Principled Query Processing

Year of Publication2005
AuthorsKarlgren, J, Sahlgren, M, Cöster, R

This year, the SICS team decided to concentrate on query processing and on the internal topical structure of the query: we have identified this as one of the major bottlenecks for cross-lingual access systems. Previous years, the SICS team has investigated, among other issues, how to translate compounds. Compound translation is non-trivial due to dependencies between compound elements and has been treated in various ways in the treatment of compounding languages such as Swedish. We decided this year to investigate the topical dependencies between query terms, under the hypothesis that the complexity of translating compounds is a special case of the more general case of understanding the respective topicality of query terms.

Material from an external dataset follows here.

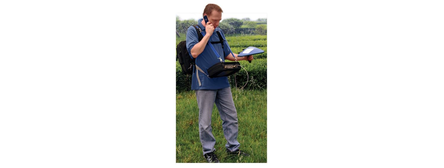 Optional backpack, neck strap, and carrying case enable hands-free operation of the HSA allowing users to hold a directional antenna and communication device when searching for signals.

The question under investigation is how much each query term contributes in terms of topicality in the documents of the collection under consideration. If a query term happens to be non-topical or noise, it should be discarded or given a low weight when ranking retrieved documents; if a query term shows high topicality its weight should be boosted. Our base system is used with two different enhancements to test the hypothesis that boosting topically active terms is beneficial for retreival results.

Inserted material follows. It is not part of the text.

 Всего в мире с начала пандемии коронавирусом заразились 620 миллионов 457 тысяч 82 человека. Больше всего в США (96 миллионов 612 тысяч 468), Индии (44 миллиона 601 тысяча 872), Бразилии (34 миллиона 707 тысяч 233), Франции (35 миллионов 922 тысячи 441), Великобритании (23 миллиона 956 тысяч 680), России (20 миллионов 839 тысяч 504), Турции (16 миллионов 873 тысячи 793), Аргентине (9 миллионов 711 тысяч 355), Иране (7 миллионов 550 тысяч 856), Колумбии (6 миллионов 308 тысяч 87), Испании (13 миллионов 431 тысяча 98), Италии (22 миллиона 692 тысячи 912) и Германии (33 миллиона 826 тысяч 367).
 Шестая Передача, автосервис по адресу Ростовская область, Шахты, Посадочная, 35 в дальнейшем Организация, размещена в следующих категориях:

Both schemes are based on the analysis of the distributional character of query terms: one using similarity of occurrence context between query terms; the other using the likelihood of individual terms to appear topically in text. These are two different avenues of analysis and will most likely provide different results if pursued further than
these initial experiments.
The results of the boosting schemes delivered uncontroversially improved results. These results will provide impetus for the further study of translation of complex terms — the question which first prompted this set of experiments in the first place.